De Mirville began by establishing Robert-Houdin’s views on so-called clairvoyants. The conjuror stated he had only seen performances by two individuals, and found them both ‘contemptible’. (Demonstration of ‘second sight’ was a feature of his own stage act, in which an object produced by a member of the audience and touched by him was described exactly by his blindfolded son.)9

They then went to Marcillet’s apartment, where Didier was giving a sitting to several people. After a brief interruption, Didier was again put into a trance state by Marcillet. Robert-Houdin blindfolded him, covering his face with cotton wool and ‘two enormous handkerchieves’, so that ‘from the top of the forehead to below the lips did not allow of the very tiniest opening’. He then took out two new packs of cards, intending to play Ecarté, a casino game at which Didier was said to excel but whose performance Robert-Houdin believed he could match by trickery.  Having removed the wrapping he shufffled the cards and asked Didier to cut them. He dealt five cards to Didier, laying them face down in front of him, and five cards to himself, again laying them face down. He was about to pick up his cards to begin the game, but Didier said he could already identify all ten of the cards, which he proceeded to do correctly. In two further repetitions Didier identified concealed cards held by Robert-Houdin with the ‘same accuracy and infallibility’.
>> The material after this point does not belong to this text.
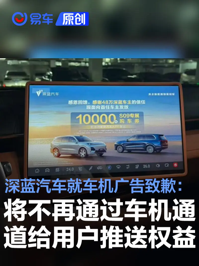 此次权益信息的推送,本意是希望感恩回馈深蓝车主,提醒已购首任车主查收专属购车券。我们在终端接待过程中,发现很多已购首任车主到店后尚不知晓该权益信息。很抱歉给车主朋友们带来不便,未来我们将不断改进服务质量,保证车主的用车体验,不再通过车机通道给用户推送权益提醒。

Robert-Houdin removed the blindfold. Taking a book from his pocket, he opened it randomly and asked Didier to read from the page eight pages on. Didier indicated a point on the open page, about two thirds down, where he said the words ‘Après cette triste cérémonie’ would be found on the eighth further page. Robert-Houdin found exactly these words, although not on the eighth page further on, but the one after that.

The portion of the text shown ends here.